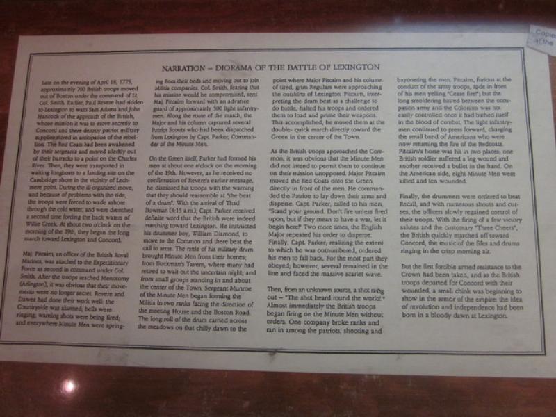 Lexington Visitors Center: First take a look at the historic diorama depicting the battle on the Green, ask about FREE Battle Green tours (Apr-Oct) and then check out the things you can see, find places to sleep, eat and use the clean rest rooms.
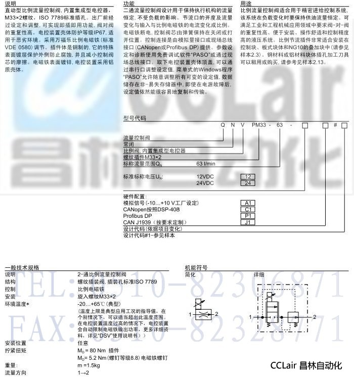 QNVPM33,插装式比例 2-通流量控制阀(内置集成型电控器)
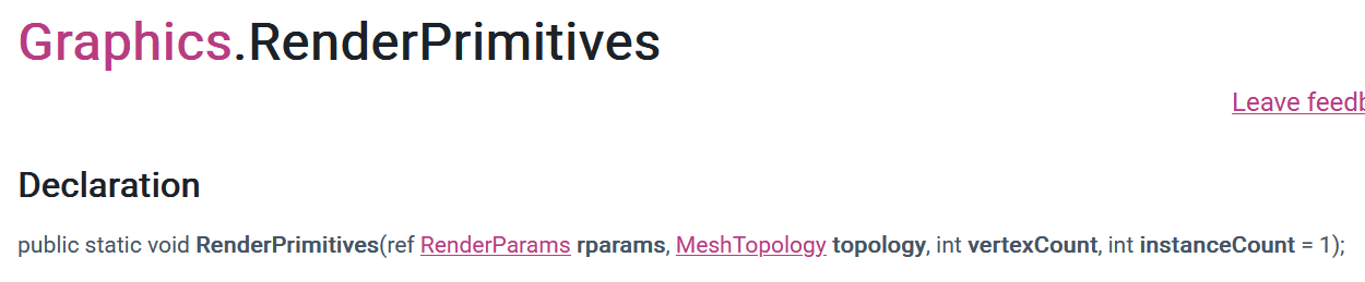 Notice that both APIs don't use any mesh. Instead, they require you to provide MeshTopology, vertex count, and instance count.
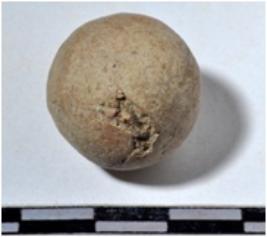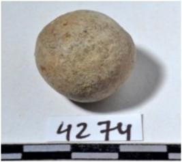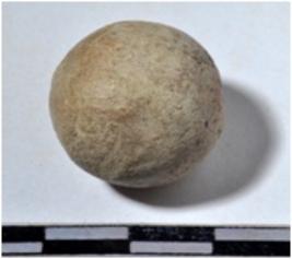 | Description / विवरण | A terracotta sling ball, round in shape of rough surface. |
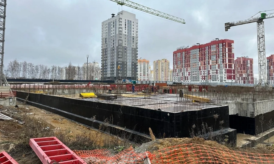 На текущий период на объекте завершены работы по бетонированию фундамента, строители приступили к монтажу каркаса и бетонированию несущих стен.
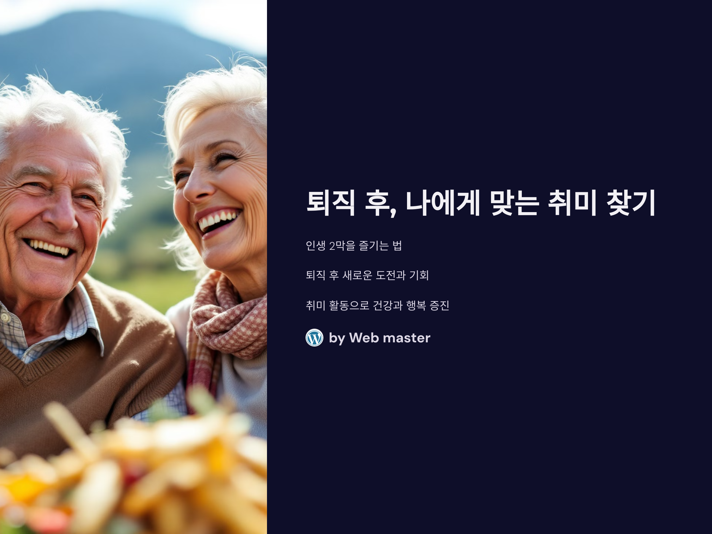 퇴직 후에도 활기찬 삶을 위해 나에게 맞는 취미를 찾아보세요. 즐겁고 의미 있는 시간을 보내며 새로운 인생 2막을 멋지게 설계할 수 있을 것입니
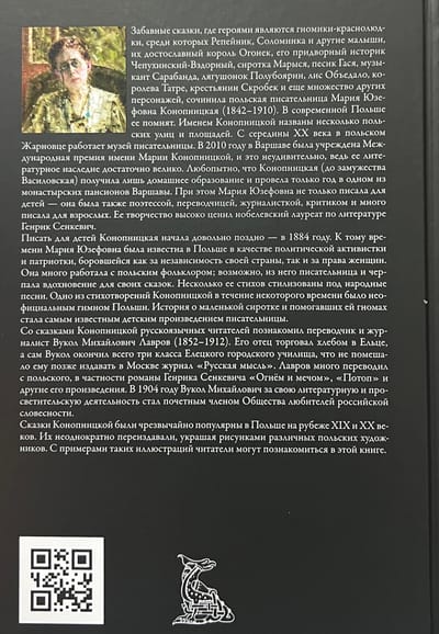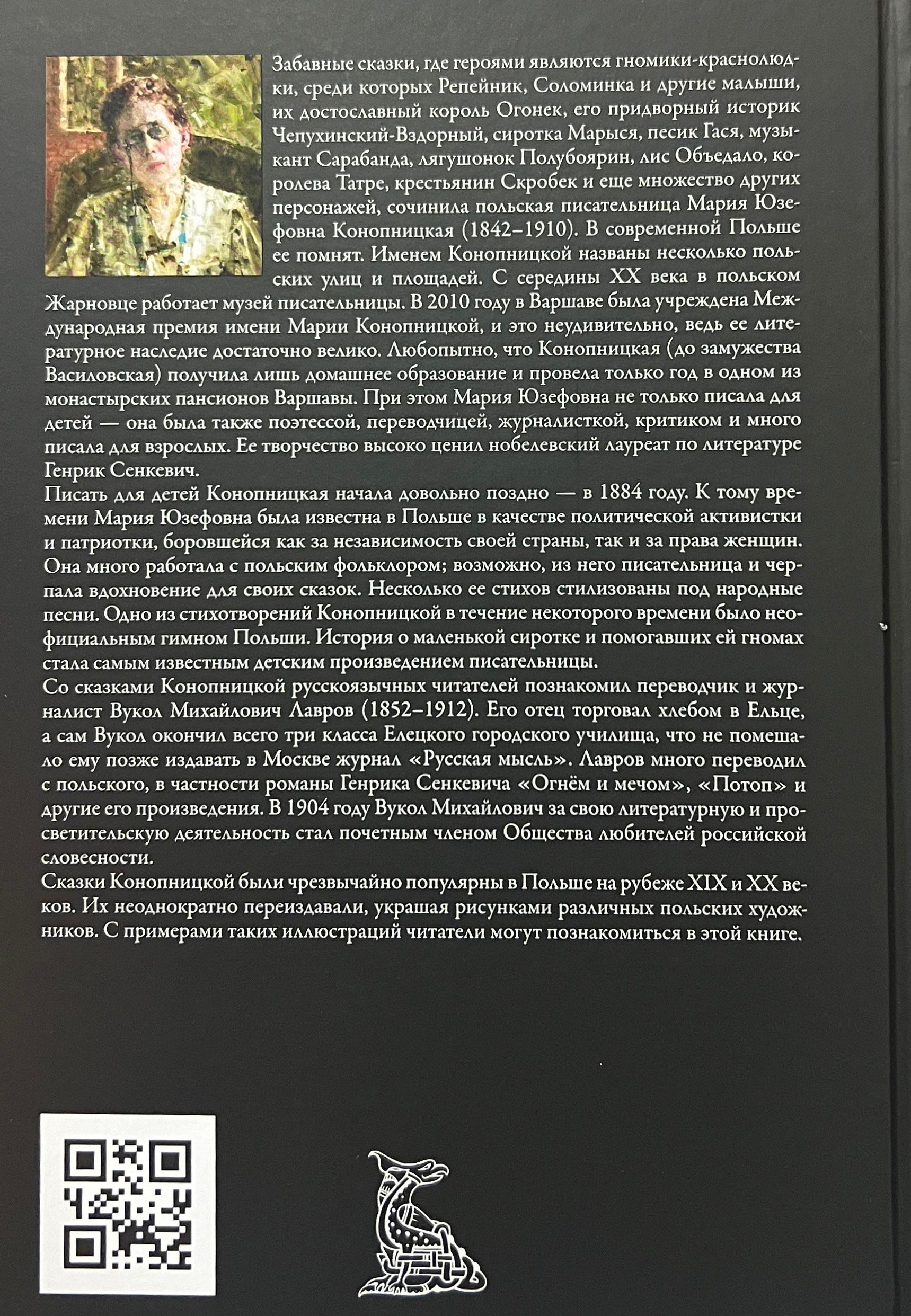 Мария Юзефовна Конопницкая (1842–1910) — польская писательница, переводчица и литературный критик. «История о гномах и о сиротке Марысе» является ее наиболее известным произведением для детей. В ней маленькие подземные волшебники помогают девочке найти своих пропавших гусей. Текст сказки дан в переводе Вукола Михайловича Лаврова. Издание украшают цветные и черно-белые иллюстрации польских художников.

##############################

**TASK INSTRUCTIONS:**
Omit every picture while printing the data word for word.

**TASK SOLUTION:**
 Lexington Visitors Center: First take a look at the historic diorama depicting the battle on the Green, ask about FREE Battle Green tours (Apr-Oct) and then check out the things you can see, find places to sleep, eat and use the clean rest rooms.
 QNVPM33,插装式比例 2-通流量控制阀(内置集成型电控器)
 Notice that both APIs don't use any mesh. Instead, they require you to provide MeshTopology, vertex count, and instance count.
 | Description / विवरण | A terracotta sling ball, round in shape of rough surface. |
 На текущий период на объекте завершены работы по бетонированию фундамента, строители приступили к монтажу каркаса и бетонированию несущих стен.
 퇴직 후에도 활기찬 삶을 위해 나에게 맞는 취미를 찾아보세요. 즐겁고 의미 있는 시간을 보내며 새로운 인생 2막을 멋지게 설계할 수 있을 것입니
 Мария Юзефовна Конопницкая (1842–1910) — польская писательница, переводчица и литературный критик. «История о гномах и о сиротке Марысе» является ее наиболее известным произведением для детей. В ней маленькие подземные волшебники помогают девочке найти своих пропавших гусей. Текст сказки дан в переводе Вукола Михайловича Лаврова. Издание украшают цветные и черно-белые иллюстрации польских художников.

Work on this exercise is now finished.